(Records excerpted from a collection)
[Start of Attachment]
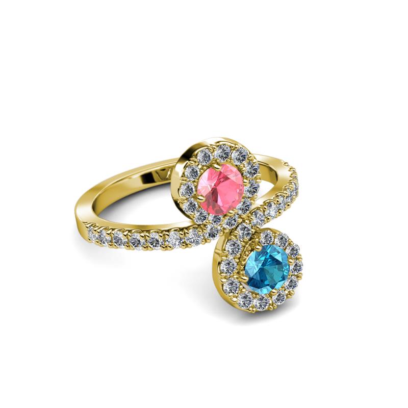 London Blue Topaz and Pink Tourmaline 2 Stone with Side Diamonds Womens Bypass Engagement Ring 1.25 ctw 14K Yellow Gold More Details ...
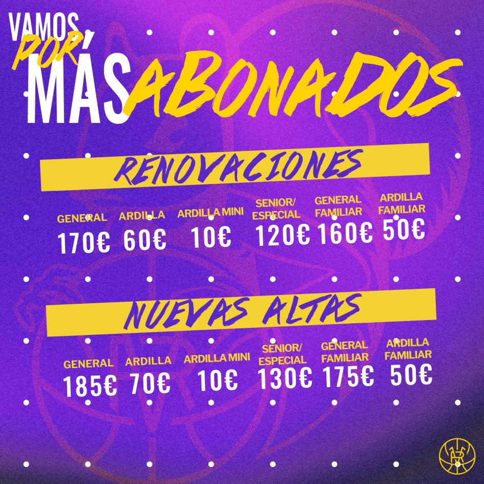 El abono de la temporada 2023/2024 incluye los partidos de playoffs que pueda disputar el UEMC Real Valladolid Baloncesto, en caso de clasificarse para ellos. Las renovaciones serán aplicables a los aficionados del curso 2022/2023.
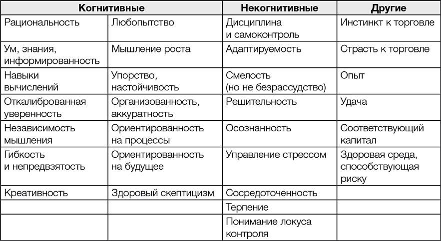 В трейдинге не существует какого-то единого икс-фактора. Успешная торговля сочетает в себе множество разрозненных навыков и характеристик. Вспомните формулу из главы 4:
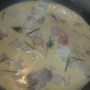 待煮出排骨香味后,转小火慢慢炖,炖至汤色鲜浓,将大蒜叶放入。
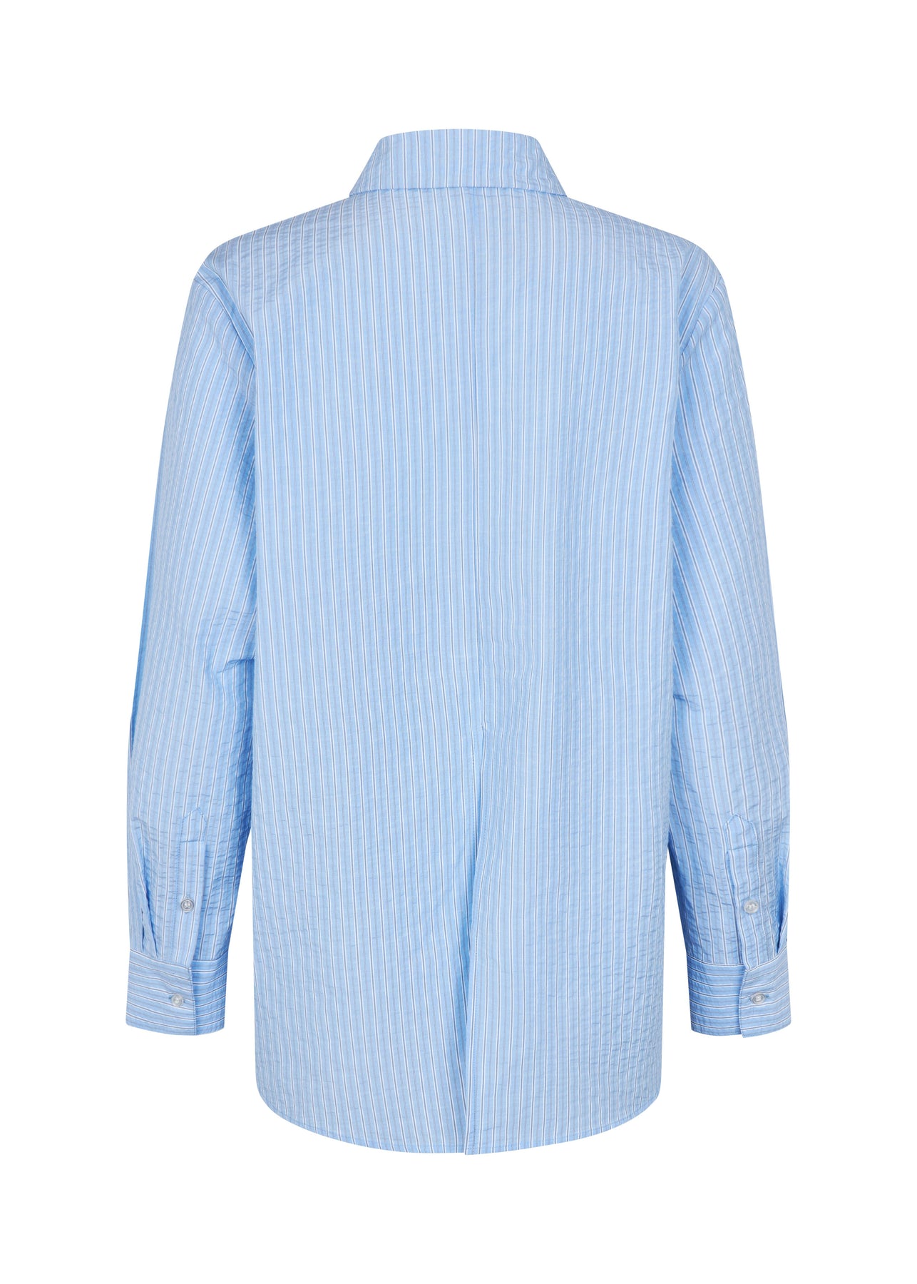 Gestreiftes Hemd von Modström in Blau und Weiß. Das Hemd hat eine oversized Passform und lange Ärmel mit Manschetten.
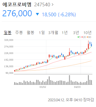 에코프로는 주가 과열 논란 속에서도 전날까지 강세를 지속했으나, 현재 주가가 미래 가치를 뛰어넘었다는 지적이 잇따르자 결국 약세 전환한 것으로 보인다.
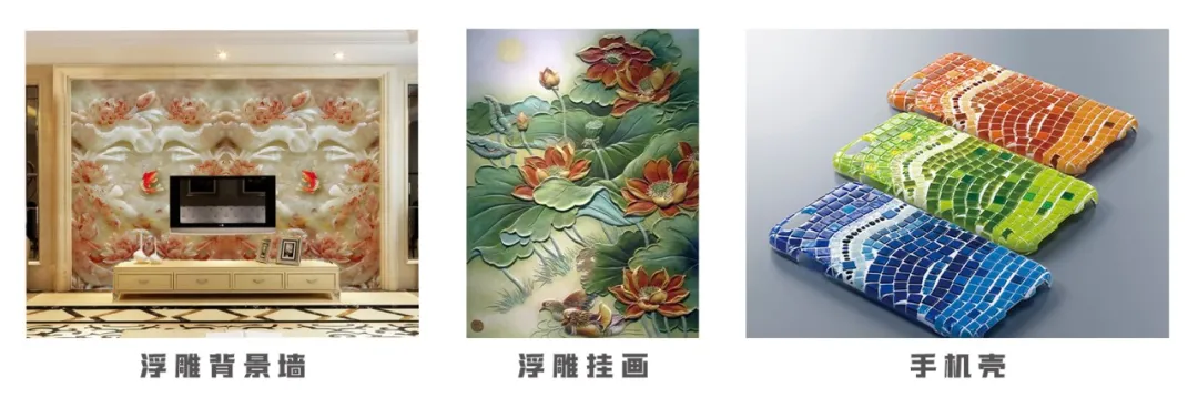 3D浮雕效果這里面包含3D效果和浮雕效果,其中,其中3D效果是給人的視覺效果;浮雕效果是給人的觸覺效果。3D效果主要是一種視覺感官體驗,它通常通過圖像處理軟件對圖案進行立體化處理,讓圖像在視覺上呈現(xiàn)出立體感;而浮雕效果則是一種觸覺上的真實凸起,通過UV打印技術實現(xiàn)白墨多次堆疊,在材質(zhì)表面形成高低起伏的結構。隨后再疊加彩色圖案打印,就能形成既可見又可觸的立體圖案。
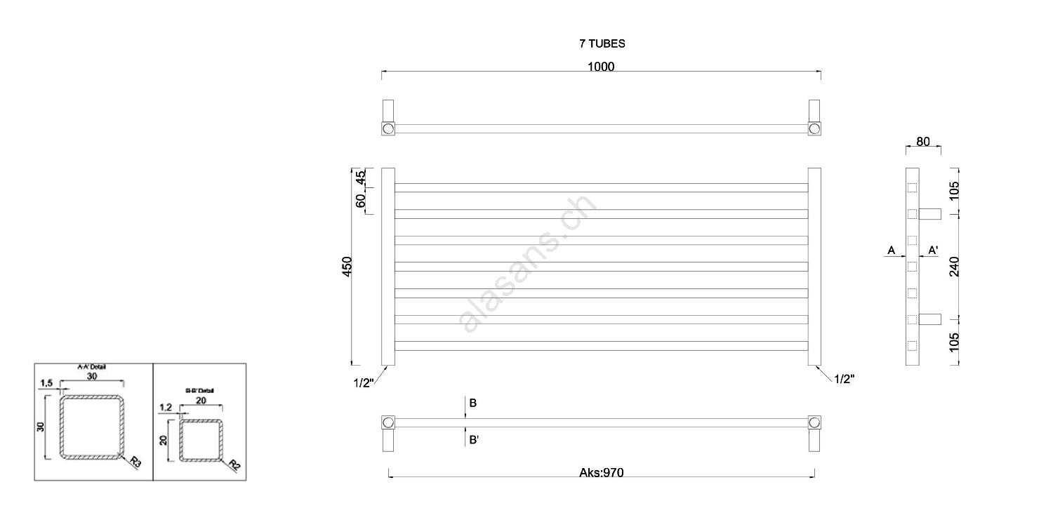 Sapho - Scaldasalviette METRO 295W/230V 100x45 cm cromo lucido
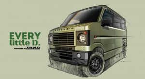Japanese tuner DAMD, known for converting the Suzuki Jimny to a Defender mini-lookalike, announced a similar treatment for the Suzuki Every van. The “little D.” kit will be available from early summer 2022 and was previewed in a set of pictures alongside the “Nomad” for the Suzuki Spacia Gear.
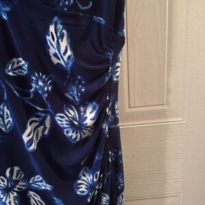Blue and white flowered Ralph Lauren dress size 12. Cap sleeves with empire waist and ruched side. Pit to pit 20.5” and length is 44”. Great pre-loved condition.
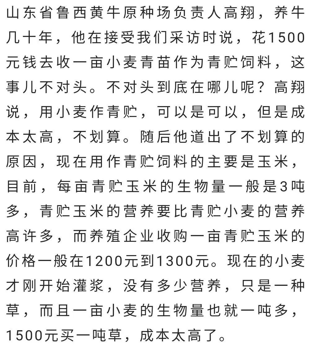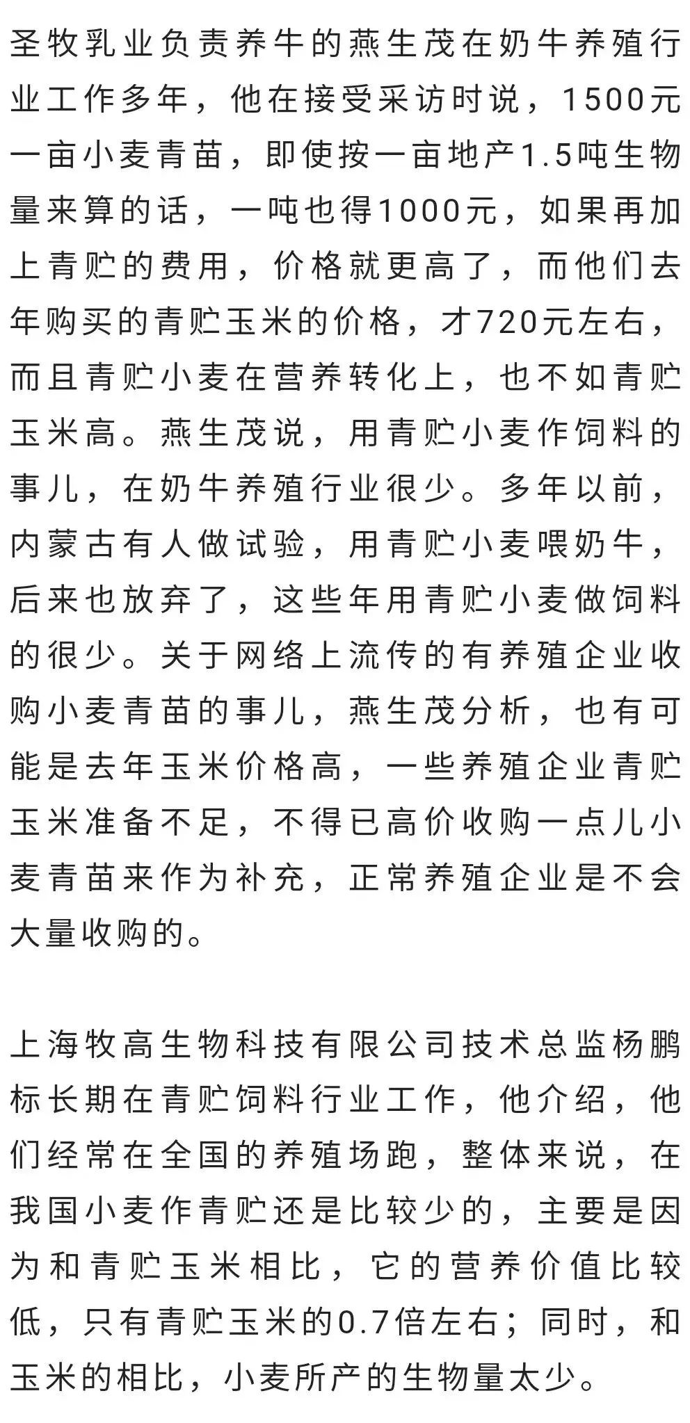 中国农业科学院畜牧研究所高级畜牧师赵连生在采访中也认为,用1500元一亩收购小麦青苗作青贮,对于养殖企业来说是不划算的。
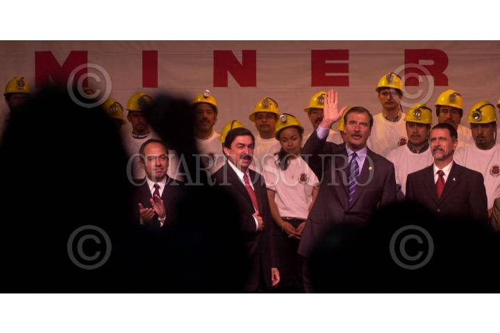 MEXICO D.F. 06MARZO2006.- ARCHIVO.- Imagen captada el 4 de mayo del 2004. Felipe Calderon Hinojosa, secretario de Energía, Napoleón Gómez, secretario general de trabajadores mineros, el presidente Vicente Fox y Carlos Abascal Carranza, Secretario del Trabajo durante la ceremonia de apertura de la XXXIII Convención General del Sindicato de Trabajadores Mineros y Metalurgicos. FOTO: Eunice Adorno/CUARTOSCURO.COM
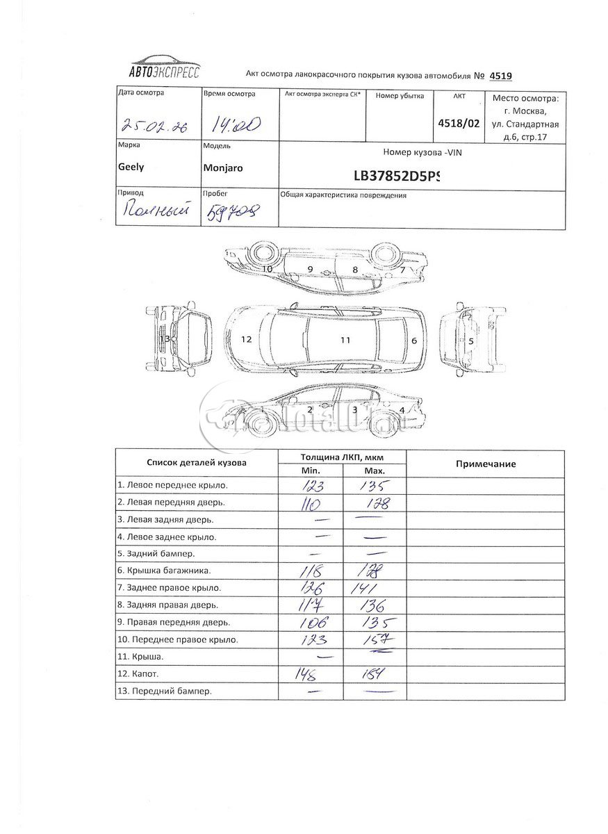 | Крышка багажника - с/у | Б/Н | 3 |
[End of Attachment]
WHAT TO PRODUCE>
Please transcribe each line above exactly, but leave the images out.

EXERCISE ANSWER>
 London Blue Topaz and Pink Tourmaline 2 Stone with Side Diamonds Womens Bypass Engagement Ring 1.25 ctw 14K Yellow Gold More Details ...
 El abono de la temporada 2023/2024 incluye los partidos de playoffs que pueda disputar el UEMC Real Valladolid Baloncesto, en caso de clasificarse para ellos. Las renovaciones serán aplicables a los aficionados del curso 2022/2023.
 В трейдинге не существует какого-то единого икс-фактора. Успешная торговля сочетает в себе множество разрозненных навыков и характеристик. Вспомните формулу из главы 4:
 待煮出排骨香味后,转小火慢慢炖,炖至汤色鲜浓,将大蒜叶放入。
 Gestreiftes Hemd von Modström in Blau und Weiß. Das Hemd hat eine oversized Passform und lange Ärmel mit Manschetten.
 에코프로는 주가 과열 논란 속에서도 전날까지 강세를 지속했으나, 현재 주가가 미래 가치를 뛰어넘었다는 지적이 잇따르자 결국 약세 전환한 것으로 보인다.
 3D浮雕效果這里面包含3D效果和浮雕效果,其中,其中3D效果是給人的視覺效果;浮雕效果是給人的觸覺效果。3D效果主要是一種視覺感官體驗,它通常通過圖像處理軟件對圖案進行立體化處理,讓圖像在視覺上呈現(xiàn)出立體感;而浮雕效果則是一種觸覺上的真實凸起,通過UV打印技術實現(xiàn)白墨多次堆疊,在材質(zhì)表面形成高低起伏的結構。隨后再疊加彩色圖案打印,就能形成既可見又可觸的立體圖案。
 Sapho - Scaldasalviette METRO 295W/230V 100x45 cm cromo lucido
Japanese tuner DAMD, known for converting the Suzuki Jimny to a Defender mini-lookalike, announced a similar treatment for the Suzuki Every van. The “little D.” kit will be available from early summer 2022 and was previewed in a set of pictures alongside the “Nomad” for the Suzuki Spacia Gear.
Blue and white flowered Ralph Lauren dress size 12. Cap sleeves with empire waist and ruched side. Pit to pit 20.5” and length is 44”. Great pre-loved condition.
 中国农业科学院畜牧研究所高级畜牧师赵连生在采访中也认为,用1500元一亩收购小麦青苗作青贮,对于养殖企业来说是不划算的。
 MEXICO D.F. 06MARZO2006.- ARCHIVO.- Imagen captada el 4 de mayo del 2004. Felipe Calderon Hinojosa, secretario de Energía, Napoleón Gómez, secretario general de trabajadores mineros, el presidente Vicente Fox y Carlos Abascal Carranza, Secretario del Trabajo durante la ceremonia de apertura de la XXXIII Convención General del Sindicato de Trabajadores Mineros y Metalurgicos. FOTO: Eunice Adorno/CUARTOSCURO.COM
 | Крышка багажника - с/у | Б/Н | 3 |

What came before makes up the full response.